Правильно, «люди» то самое искомое слово. К этим сволочам надо обращаться не то чтобы почтительно, но без лишней грубости, иначе можно настроить мучителей агрессивно, только хуже будет. Постепенно голова прояснялась, возвращалась способность мыслить логично, критически оценивать ситуацию. Он подошел к столу, прикусил зубами фильтр незаженной сигареты.
Кому в голову может придти дикая мысль похитить из корыстных соображений какого-то доцента экономической кафедры вуза? – спросил себя Десятников. Москва кишит богатыми людьми, а он, кто он такой? Не председатель правления банка, не директор сети коммерческих магазинов. Он вообще коммерцией не занимается, много с него не возьмешь. Положим, Люся сможет найти какую-то сумму наличными, что-то снимет со счета в банке, тестя растрясет. Еще Люся может продать квартиру – это уже кое-что. Нет, не станет жена квартиру продавать, даже ради свободы Десятникова, не следует преувеличивать широту женской души.
Квартиру не продаст, а вот машину, пожалуй продаст. Но много ли выручишь за пятилетний «Фольксваген»? Этим бандитам раз утереться. Десятников снова поднялся и принялся ходить по подвалу, заложив руки за спину, решив, что все пришедшее с ним противоестественно и совершенно дико. Итак, главное: зачем нужно было похищать Десятникова? Безответные вопросы жгли душу.

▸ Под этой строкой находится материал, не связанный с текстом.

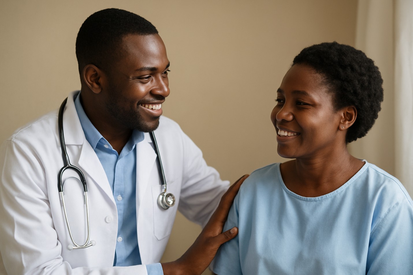 Photo of a smiling African doctor with a patient, symbolising professional support in aid of hope and recovery for the patient’s condition. AI image generated from ChatGPT. Click on iamge to enlarge.

– Эй, вы, тут есть кто? – повысил голос Десятников. – Я хочу поговорить с вами. Что происходит? Люди, что тут происходит?

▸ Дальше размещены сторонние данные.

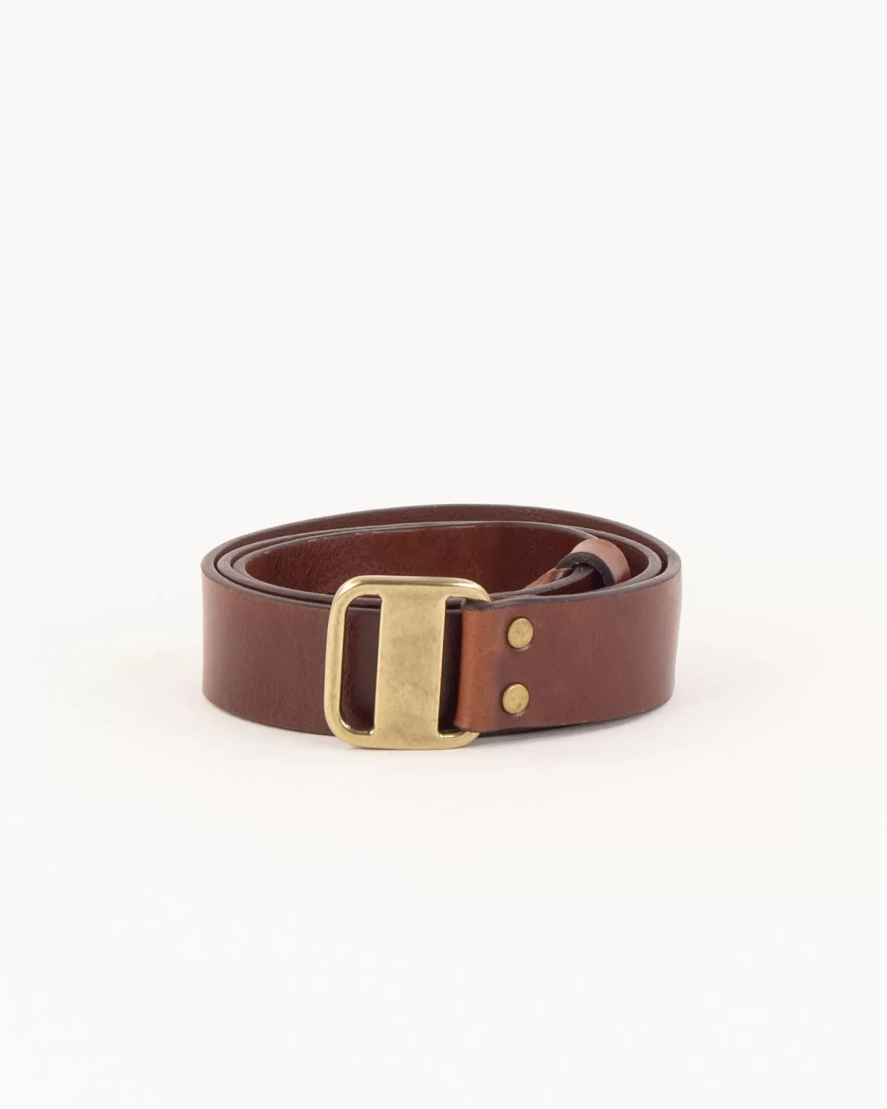Ceinture en cuir de vache tannage végétal avec boucle métal rectangle.

– Еще хочешь? – спросил он.
Воронин, расстроенный тремя поражениями подряд, не смог скрыть огорчения.
– А техника у тебя слабая, только за счет зевков и выигрываешь.

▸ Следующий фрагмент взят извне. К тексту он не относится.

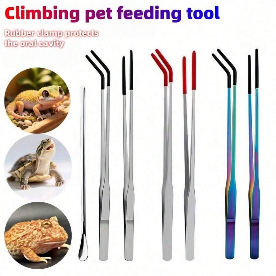 Set di attrezzi in acciaio inossidabile per l'alimentazione di rettili, con testa in gomma - Pinzette per rettili striscianti, adatte per lucertole, lucertole dalla criniera, geco, rane, criceti, tartarughe, pesci, conigli, distributori d'acqua per conigli, mangiatoie, cucchiai per l'alimentazione delicata della bocca, accessori per animali striscianti

– Технику какую-то придумал. Скажи просто: не умею проигрывать.
Воронин показал пальцем куда-то в сторону. За окном теплого рубленого дома летел и летел, исчезая в ночи, крупный снег.
– Пожалуй, нас тут к утру занесет. – Не занесет, – возразил Егоров.
Он удобнее устроился на стуле, отодвинул в сторону шахматную доску и уставился на экран небольшого телевизора, по которому шла прямая трансляция довольно скучных событий: пересекая подвальное помещение от угла к углу, заложив руки за спину, расхаживал взад-вперед Десятников. Иногда доцент останавливался, начинал жестикулировать, словно разговаривал с невидимым собеседником или самим собой и снова мерил шагами подвал. Вот Десятников в который раз остановился, прислушиваясь к каким-то звукам, поднял голову, спросил громко: «Есть здесь кто-нибудь? Живая душа здесь есть?» Не получив ответа, доцент уселся у стола, пробормотал что-то невнятное и плюнул на пол.
– Совсем человек извелся, – сказал Воронин. – Надо звать.
– Рано, – ответил Егоров. – Препарат, что ты ему ввел, ещё действует. Сейчас он чувствует себя, словно накануне напился в лоскуты, голова чугунная. Бесполезно с ним разговаривать в таком состоянии. Пусть немного очухается.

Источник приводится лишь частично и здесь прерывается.